▶ About this exercise
I would like the line with "Another that spanned" and every line after it, down to the end of the entries below, output exactly and without pictures.

▶ Provided data
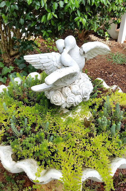 But first, look at how wonderful our sedum succulents are doing in the birdbath!!!
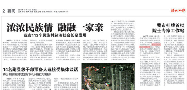 2010年11月16日,《溫州日報》第2版要聞版塊以《我市掛牌首批院士專家工作站》為題報道了我公司企業(yè)院士工作站掛牌成立,當天,《溫州都市生活頻道》“都市新聞”欄目詳細報道了此次授...
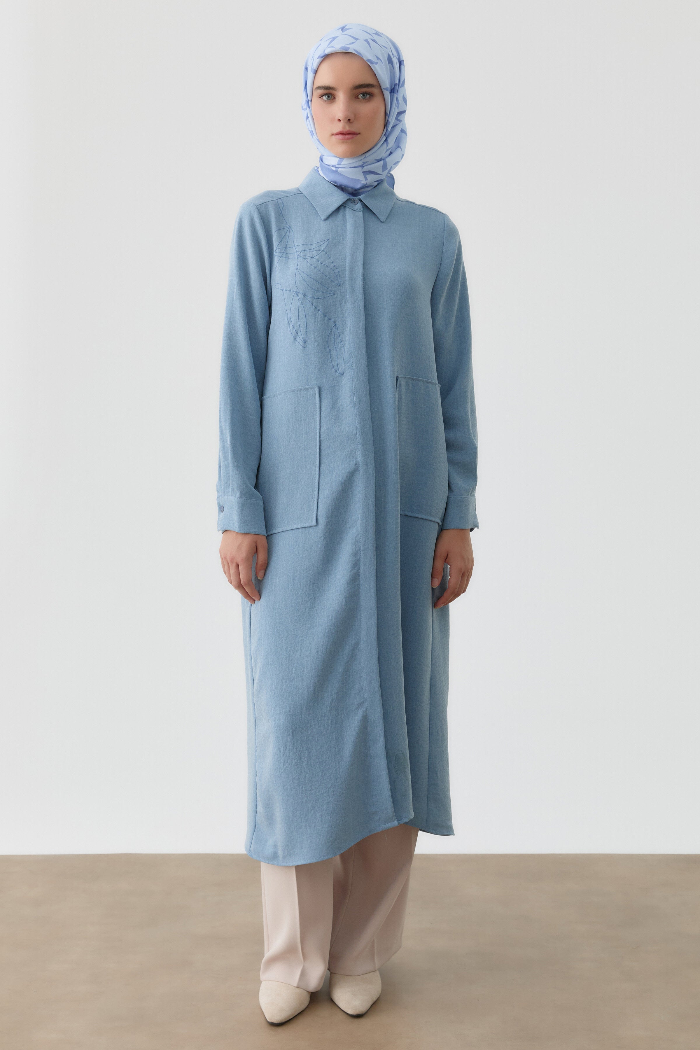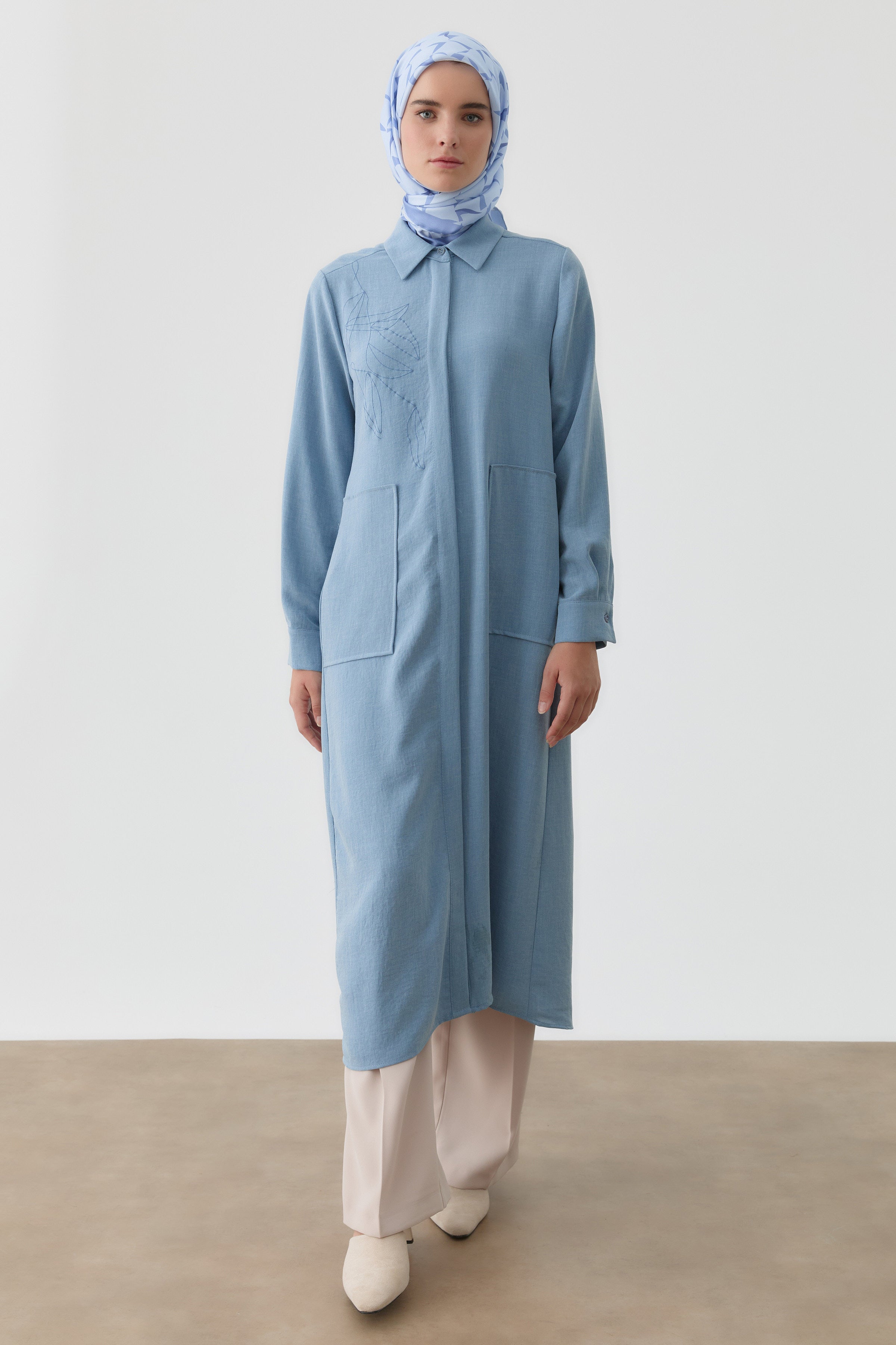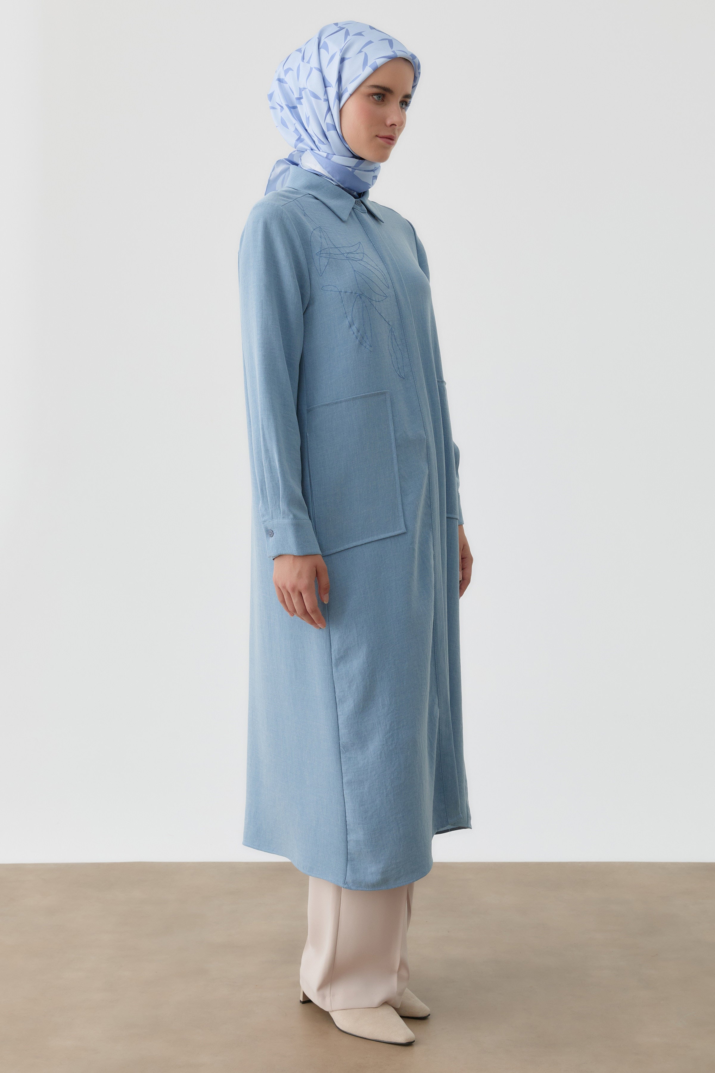 This long tunic, featuring a striking patterned print, offers all-day comfort with its elegant and relaxed cut. It's the perfect way to add a vibrant and modern touch to your everyday style.
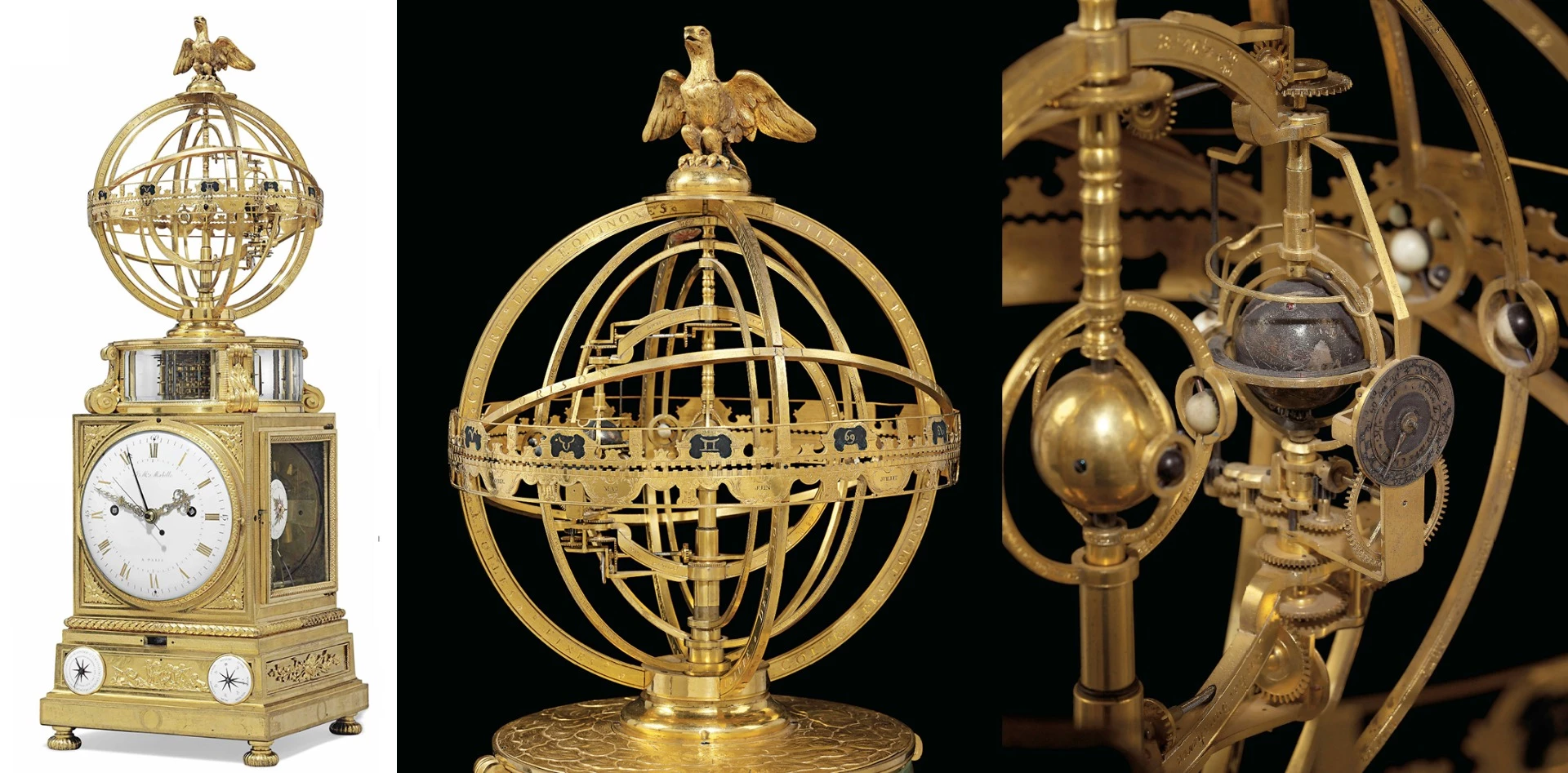 Another that spanned the gap between art and scientific instrument was this Louis XVI Ormolu Striking Table Clock, which has a calendar, moonphase, equation of time and terrestrial "sphere mouvante". It was created in Paris circa 1775 and sold at a Christies (London) auction in 2015 for $926,440 (£602,500).
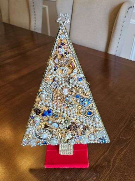 Beautiful handcrafted Christmas Tree, decorated in antique jewelry. 15" x 9" with a red velvet base and green velvet back Retail Value: $40
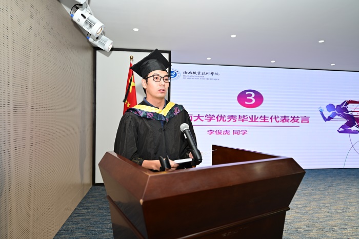 李俊虎、陶濤分別作為海南大學(xué)優(yōu)秀畢業(yè)生代表、海南職業(yè)技術(shù)學(xué)院優(yōu)秀畢業(yè)生代表發(fā)言。

▶ Exercise output
 Another that spanned the gap between art and scientific instrument was this Louis XVI Ormolu Striking Table Clock, which has a calendar, moonphase, equation of time and terrestrial "sphere mouvante". It was created in Paris circa 1775 and sold at a Christies (London) auction in 2015 for $926,440 (£602,500).
 Beautiful handcrafted Christmas Tree, decorated in antique jewelry. 15" x 9" with a red velvet base and green velvet back Retail Value: $40
 李俊虎、陶濤分別作為海南大學(xué)優(yōu)秀畢業(yè)生代表、海南職業(yè)技術(shù)學(xué)院優(yōu)秀畢業(yè)生代表發(fā)言。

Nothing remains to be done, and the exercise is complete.